_The input_

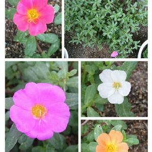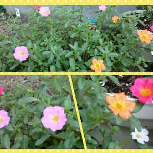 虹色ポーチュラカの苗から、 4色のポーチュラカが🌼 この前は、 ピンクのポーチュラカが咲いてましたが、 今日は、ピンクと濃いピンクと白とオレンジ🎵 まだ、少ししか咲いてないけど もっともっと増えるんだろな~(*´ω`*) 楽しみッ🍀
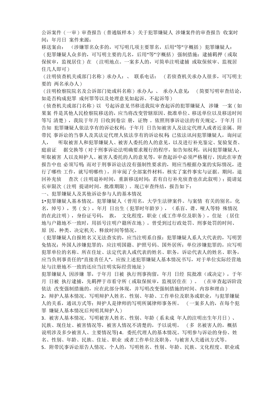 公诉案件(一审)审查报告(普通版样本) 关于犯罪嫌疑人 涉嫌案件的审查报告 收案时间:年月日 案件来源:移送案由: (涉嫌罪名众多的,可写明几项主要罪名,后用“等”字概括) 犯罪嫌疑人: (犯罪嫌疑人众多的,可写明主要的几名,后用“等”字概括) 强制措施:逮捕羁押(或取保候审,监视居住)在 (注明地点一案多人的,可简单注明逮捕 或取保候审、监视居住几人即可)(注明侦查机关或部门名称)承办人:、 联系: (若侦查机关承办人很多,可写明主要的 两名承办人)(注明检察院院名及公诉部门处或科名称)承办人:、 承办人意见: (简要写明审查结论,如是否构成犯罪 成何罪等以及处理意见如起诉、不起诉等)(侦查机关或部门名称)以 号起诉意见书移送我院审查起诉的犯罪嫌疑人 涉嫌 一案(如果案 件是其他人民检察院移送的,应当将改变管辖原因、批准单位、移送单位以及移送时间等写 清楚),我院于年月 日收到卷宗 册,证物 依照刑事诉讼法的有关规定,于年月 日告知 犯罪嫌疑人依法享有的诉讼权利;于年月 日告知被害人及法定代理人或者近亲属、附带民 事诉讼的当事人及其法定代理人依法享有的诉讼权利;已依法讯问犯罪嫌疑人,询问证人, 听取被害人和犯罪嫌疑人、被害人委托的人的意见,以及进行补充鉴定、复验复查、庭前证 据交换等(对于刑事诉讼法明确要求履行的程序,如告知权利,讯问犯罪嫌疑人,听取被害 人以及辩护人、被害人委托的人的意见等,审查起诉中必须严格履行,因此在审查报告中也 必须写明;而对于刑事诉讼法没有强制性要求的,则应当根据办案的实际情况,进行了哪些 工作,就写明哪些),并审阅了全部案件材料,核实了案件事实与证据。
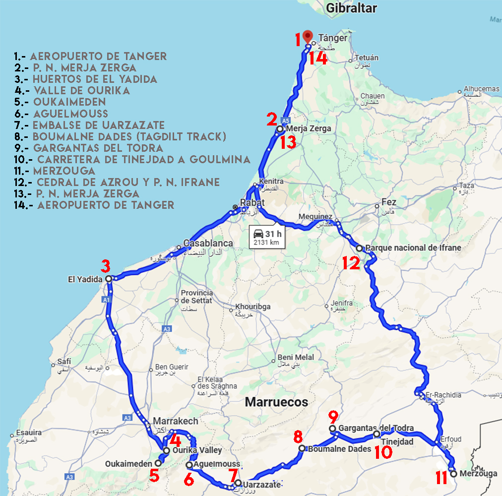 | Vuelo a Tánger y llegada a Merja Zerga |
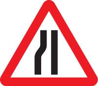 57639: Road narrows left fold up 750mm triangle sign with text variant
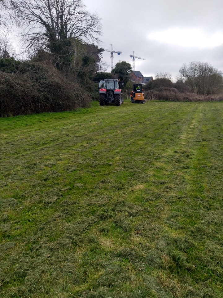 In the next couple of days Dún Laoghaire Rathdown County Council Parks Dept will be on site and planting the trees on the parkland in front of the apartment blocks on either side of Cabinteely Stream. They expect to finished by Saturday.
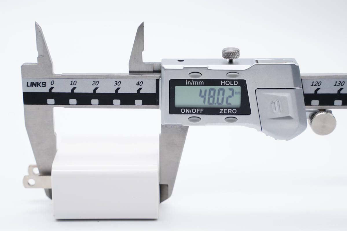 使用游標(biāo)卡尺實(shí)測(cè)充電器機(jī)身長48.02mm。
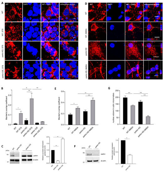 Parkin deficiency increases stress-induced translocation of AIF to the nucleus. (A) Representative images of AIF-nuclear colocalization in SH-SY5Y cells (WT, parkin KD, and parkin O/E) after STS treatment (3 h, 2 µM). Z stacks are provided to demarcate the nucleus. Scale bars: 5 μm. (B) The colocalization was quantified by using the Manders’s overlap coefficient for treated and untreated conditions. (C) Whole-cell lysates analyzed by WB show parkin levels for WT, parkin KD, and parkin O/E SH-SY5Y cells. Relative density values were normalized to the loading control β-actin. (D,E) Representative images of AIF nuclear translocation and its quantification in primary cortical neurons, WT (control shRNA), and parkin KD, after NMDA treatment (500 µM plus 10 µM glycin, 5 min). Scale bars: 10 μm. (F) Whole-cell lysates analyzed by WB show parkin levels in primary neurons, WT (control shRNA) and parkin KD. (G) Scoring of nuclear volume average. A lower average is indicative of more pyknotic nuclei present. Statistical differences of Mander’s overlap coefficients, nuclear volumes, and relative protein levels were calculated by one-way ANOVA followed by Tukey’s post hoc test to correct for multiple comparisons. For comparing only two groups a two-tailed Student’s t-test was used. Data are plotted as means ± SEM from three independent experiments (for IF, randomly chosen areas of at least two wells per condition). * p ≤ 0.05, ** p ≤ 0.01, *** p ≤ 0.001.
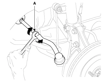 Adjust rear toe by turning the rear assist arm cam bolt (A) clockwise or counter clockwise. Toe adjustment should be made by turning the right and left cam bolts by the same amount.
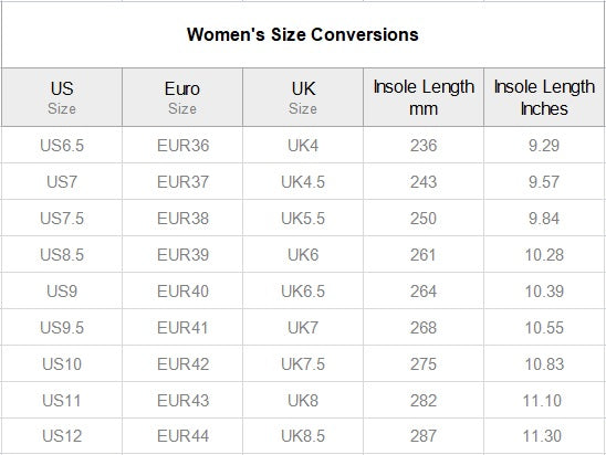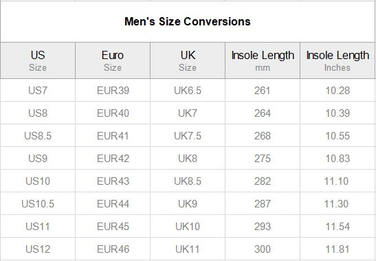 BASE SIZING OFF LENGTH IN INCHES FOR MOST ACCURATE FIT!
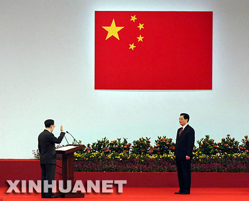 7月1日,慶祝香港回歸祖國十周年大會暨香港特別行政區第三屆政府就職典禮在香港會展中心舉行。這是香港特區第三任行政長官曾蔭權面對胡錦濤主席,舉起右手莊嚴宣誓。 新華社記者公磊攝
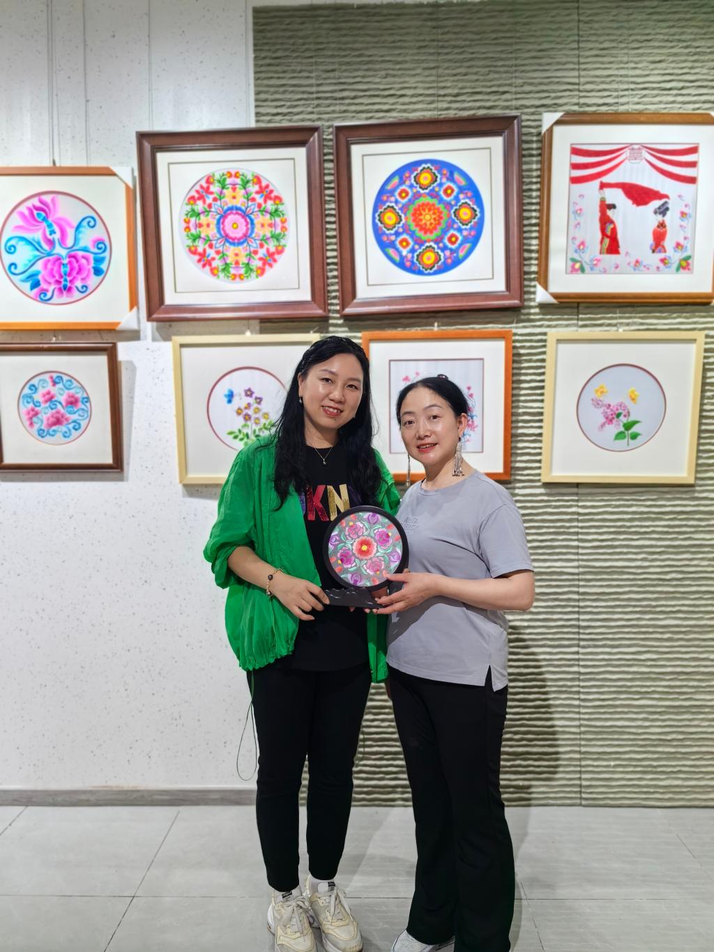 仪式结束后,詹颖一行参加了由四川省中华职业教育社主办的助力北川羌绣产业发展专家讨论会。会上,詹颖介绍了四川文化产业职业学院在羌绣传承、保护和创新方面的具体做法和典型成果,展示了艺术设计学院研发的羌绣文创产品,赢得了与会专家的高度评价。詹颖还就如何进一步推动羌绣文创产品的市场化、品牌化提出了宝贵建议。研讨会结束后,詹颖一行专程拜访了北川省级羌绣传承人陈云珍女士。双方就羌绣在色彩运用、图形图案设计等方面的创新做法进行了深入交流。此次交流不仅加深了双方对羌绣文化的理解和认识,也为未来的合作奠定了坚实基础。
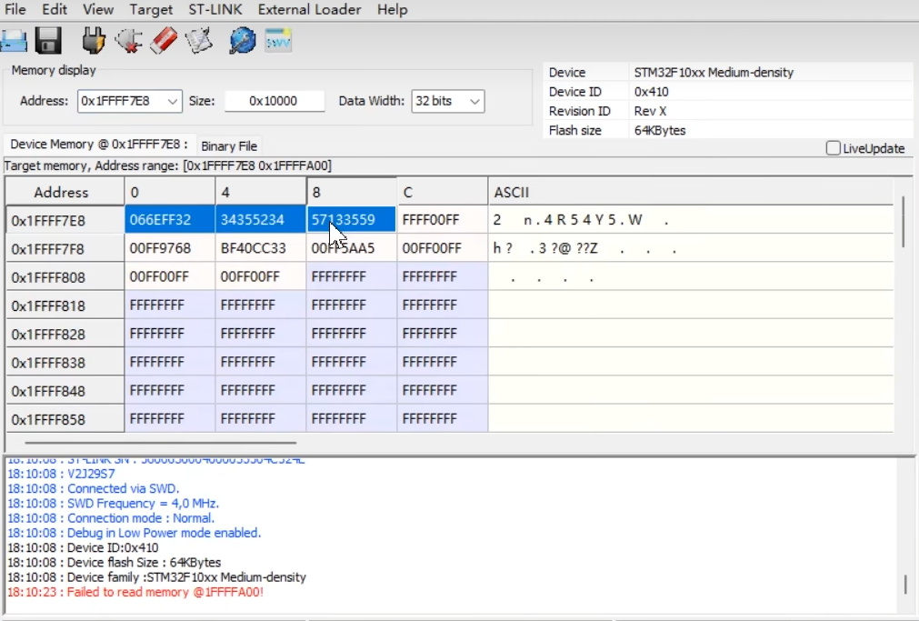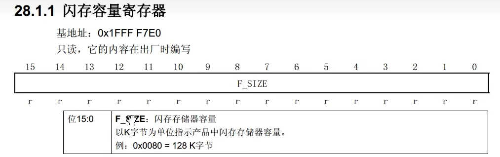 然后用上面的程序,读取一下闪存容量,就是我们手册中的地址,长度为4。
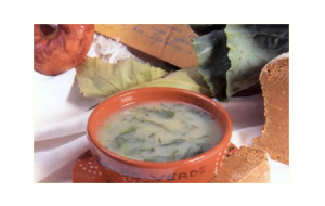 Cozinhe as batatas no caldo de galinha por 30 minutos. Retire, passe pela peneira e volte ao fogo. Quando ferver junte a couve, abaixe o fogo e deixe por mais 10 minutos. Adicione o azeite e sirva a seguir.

---

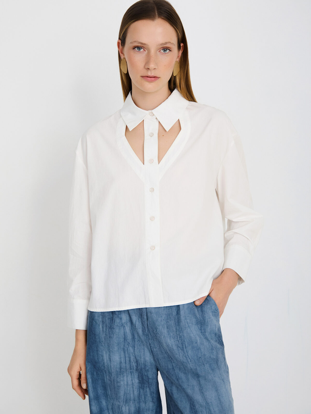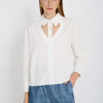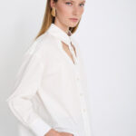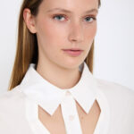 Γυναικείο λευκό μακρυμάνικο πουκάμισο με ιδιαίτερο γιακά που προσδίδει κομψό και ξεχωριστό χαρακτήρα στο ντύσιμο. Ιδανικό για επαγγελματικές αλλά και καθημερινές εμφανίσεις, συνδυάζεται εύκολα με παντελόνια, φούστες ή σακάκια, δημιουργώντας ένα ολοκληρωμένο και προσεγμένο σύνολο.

_Task objective_
From the records above, copy exactly the stretch from the line holding "公诉案件(一审)审查报告(普通版样本) 关于犯罪嫌疑人 涉嫌案件的审查报告" through the line holding "使用游標(biāo)卡尺實(shí)測(cè)充電器機(jī)身長48.02mm。", both ends included, without the pictures.

_Written response_
 公诉案件(一审)审查报告(普通版样本) 关于犯罪嫌疑人 涉嫌案件的审查报告 收案时间:年月日 案件来源:移送案由: (涉嫌罪名众多的,可写明几项主要罪名,后用“等”字概括) 犯罪嫌疑人: (犯罪嫌疑人众多的,可写明主要的几名,后用“等”字概括) 强制措施:逮捕羁押(或取保候审,监视居住)在 (注明地点一案多人的,可简单注明逮捕 或取保候审、监视居住几人即可)(注明侦查机关或部门名称)承办人:、 联系: (若侦查机关承办人很多,可写明主要的 两名承办人)(注明检察院院名及公诉部门处或科名称)承办人:、 承办人意见: (简要写明审查结论,如是否构成犯罪 成何罪等以及处理意见如起诉、不起诉等)(侦查机关或部门名称)以 号起诉意见书移送我院审查起诉的犯罪嫌疑人 涉嫌 一案(如果案 件是其他人民检察院移送的,应当将改变管辖原因、批准单位、移送单位以及移送时间等写 清楚),我院于年月 日收到卷宗 册,证物 依照刑事诉讼法的有关规定,于年月 日告知 犯罪嫌疑人依法享有的诉讼权利;于年月 日告知被害人及法定代理人或者近亲属、附带民 事诉讼的当事人及其法定代理人依法享有的诉讼权利;已依法讯问犯罪嫌疑人,询问证人, 听取被害人和犯罪嫌疑人、被害人委托的人的意见,以及进行补充鉴定、复验复查、庭前证 据交换等(对于刑事诉讼法明确要求履行的程序,如告知权利,讯问犯罪嫌疑人,听取被害 人以及辩护人、被害人委托的人的意见等,审查起诉中必须严格履行,因此在审查报告中也 必须写明;而对于刑事诉讼法没有强制性要求的,则应当根据办案的实际情况,进行了哪些 工作,就写明哪些),并审阅了全部案件材料,核实了案件事实与证据。
 | Vuelo a Tánger y llegada a Merja Zerga |
 57639: Road narrows left fold up 750mm triangle sign with text variant
 In the next couple of days Dún Laoghaire Rathdown County Council Parks Dept will be on site and planting the trees on the parkland in front of the apartment blocks on either side of Cabinteely Stream. They expect to finished by Saturday.
 使用游標(biāo)卡尺實(shí)測(cè)充電器機(jī)身長48.02mm。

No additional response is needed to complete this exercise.